命を相争って、世界に変革をもたらし、女神さえ討ち果たした武器。こいつに散々振り回された。とある少女にとっては、魔王への覚醒のきっかけともなった代物でもある。
そんな神剣を前に、言うに事欠いて告げられたのが、これを持って遊びに行く、である。学校の誰かに聞かせれば、それこそ怒り心頭には違いない。進也でさえ、多少は不謹慎という気持ちが湧く。
しかしそれを差し引いても、笑いがこみ上げられずにはいられなかった。
とりあえず、トウダイは後でぶん殴ることに決めた。
「ああ、くっだらねえ――やっぱお前、最高だわ、梨子」
「えっ、う、うんっ」
梨子は、何を喜ばれたのかはあまり理解していないようだが、とにかく進也が楽しげにしているのを見て満足していた。
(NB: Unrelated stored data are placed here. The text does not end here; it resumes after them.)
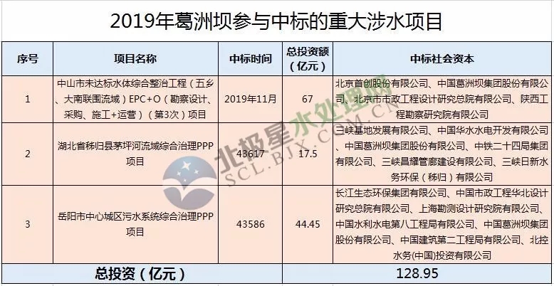 据北极星水处理网不完全统计,2019年,葛洲坝牵头中标的涉水项目总投资逾77亿元,参与中标的重大涉水项目总投资128.95亿元,牵头+参与的重大涉水项目总投资逾205亿。
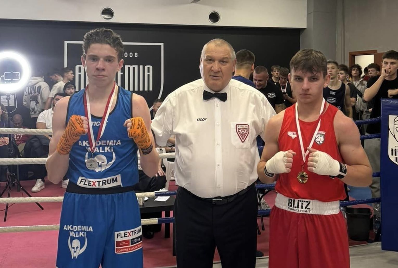 Z kolei grupa reprezentantów chełmskiego klubu przekuła umiejętności na medale podczas Turnieju Niepodległościowego, którego gospodarzem była Akademia Walki Warszawa. Po złoto sięgnął Kornel Czajkowski, który na co dzień trenuje pod okiem Michała Soczyńskiego, który wygrał starciu już w drugiej rundzie. Drugi medal w takim samym kolorze to zasługa Huberta Bachowskiego, który 3:0 pokonała jednego z reprezentantów gospodarzy. Sukces dopisała do konta debiutująca w oficjalnych zawodach Julia Bielecka, która w pojedynku sparingowym postawiła wymagające warunku bardziej doświadczonej rywalce. Po stołecznym turnieju dorobek Centrum Sportów Walki Bastion zasiliły również trzy srebrne krążki. Blisko zwycięstwa był Alan Romanów, który po wyrównanym starciu musiał uznać wyższość zawodnika gospodarzy. Na punkty walkę przegrał Alan Kubajka, który miał jednak niełatwe zadanie, ponieważ stawiał mocny opór wicemistrzowi Polski młodzików. Po jeszcze jedno srebro sięgnął Wiktor Naklicki, który z powodu braku rywala musiał krzyżować rękawice w cięższej kategorii i uznać wyższość przeciwnika.
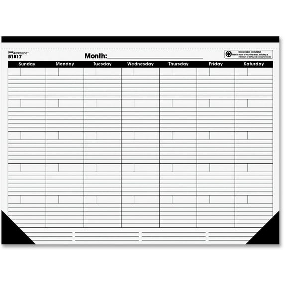 Start your year on whatever month you choose with this undated monthly desk pad. The one-page-per-month format offers spaces to fill in the month at the top and dates in ruled daily blocks. The grid is only labeled with the days of the week from Sunday to Saturday. The bottom of all 12 monthly pages includes long, bold lines for notes. Sheets are bound at the top and perforated for easy tear-out. The desk pad features a reinforced backing card to protect your desk and offer a firm writing surface. Two black corners at the bottom secure the monthly pages in place. FSC certified desk pad is made with recycled paper with post-consumer material.
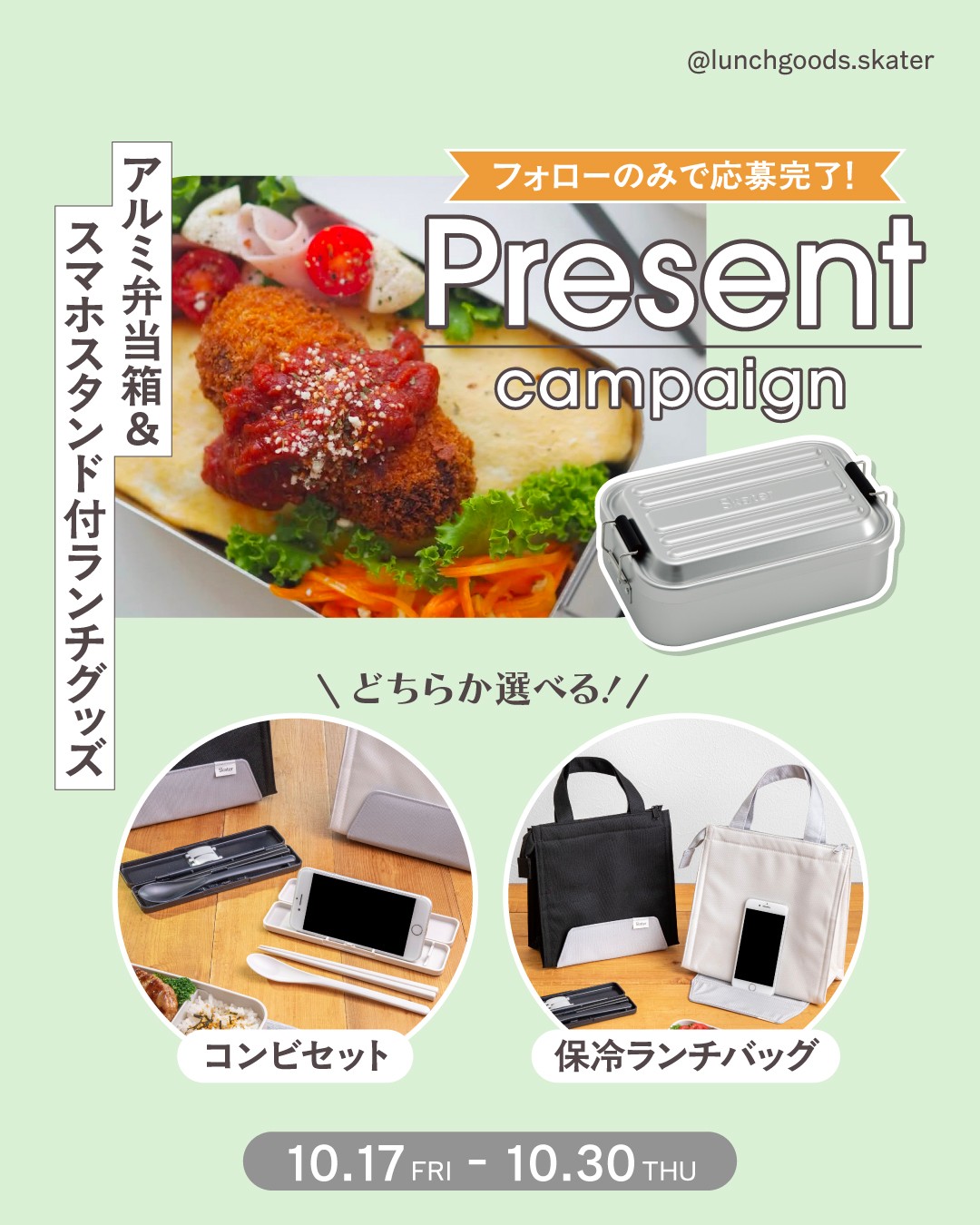賞品:アルミ弁当箱&スマホスタンド付ランチグッズ(5名様)
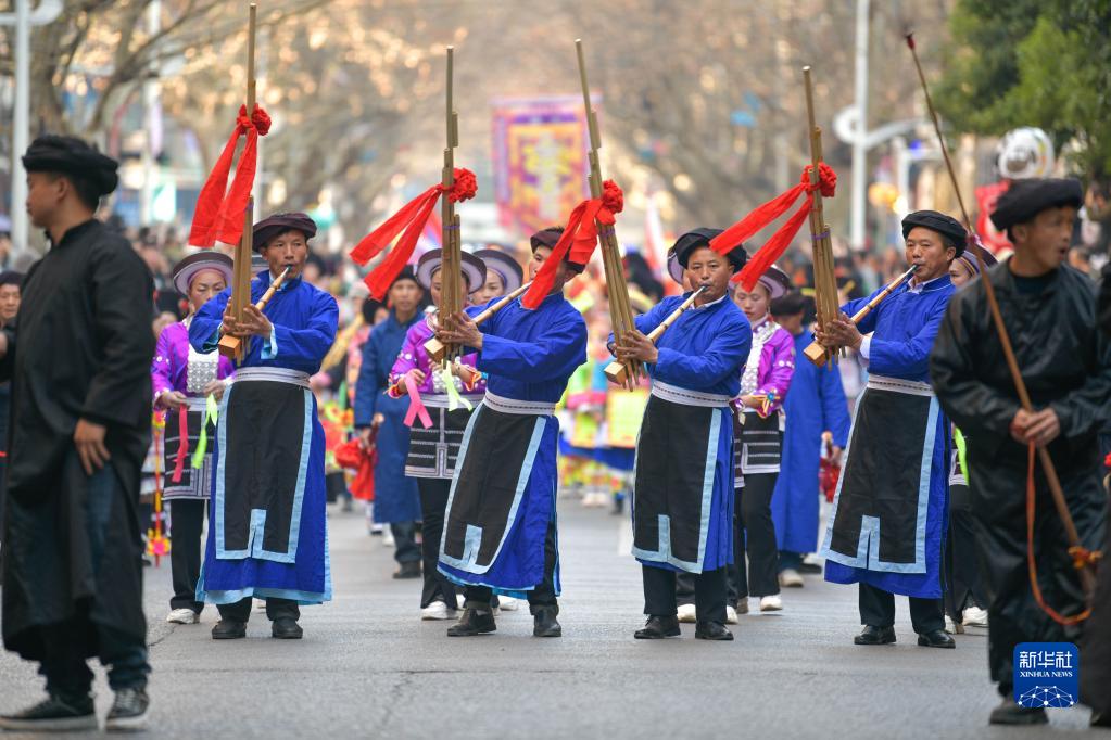 當日是正月初九,貴州省黔南布依族苗族自治州龍里縣舉辦傳統民俗“踩街”活動,通過花燈巡演、花棍舞、蘆笙舞、舞龍舞獅等民俗活動,歡度新春。

進也は神剣を受け取る。主に呼応するように剣がひと唸りする。柄を握る感触は、相変わらず手に吸い付くように馴染んだ。
「じゃあ、休暇は終わりだ。行くか」
「うん。どこにしようか? って言っても、別世界に移動するのはトウダイさんがいなきゃ無理だけど」
「どうせそのうち呼びに来るだろ。行くんならまあ、なるべく腐った世界がいい。あの女神みてーに高みでふんぞり返ってる連中を、盤面ごとひっくり返して引きずりおろせるような所で」
「世直しでも始めるつもりかい?」
「まさか。けど、面白い連中がいたら助けてやってもいい。とにかく行ってみてからのお楽しみ――と」
「どうしたの?」
進也は、伯母以外にもうひとつ、心残りを思い出した。
「あとひとり、挨拶しなきゃいけない奴がいたから、ちょっと行ってくる」
告げて、進也は屋上の入り口に向かおうとし、その首根っこを梨子につかまれる。
「はいはい。またひとりで勝手にどこか行こうとする。悪い癖だよ」
「……あのな。余計な立ち合いはいらねーよ」
「今、授業中だよ? ボクが呼んでくる方が都合がいいと思うけど」
「……お前、俺が何するか分かってんのか?」
「そりゃ、さすがにね。大丈夫。話す時は姿は消しておくから」
「盗み聞きはするんじゃねーか……まあ、いいけどよ。聞かれて困るわけでもねーし」
言って、進也は梨子と共に屋上から階下へ向かう。
やるべきことは、終えておく。この世界から、旅立つために。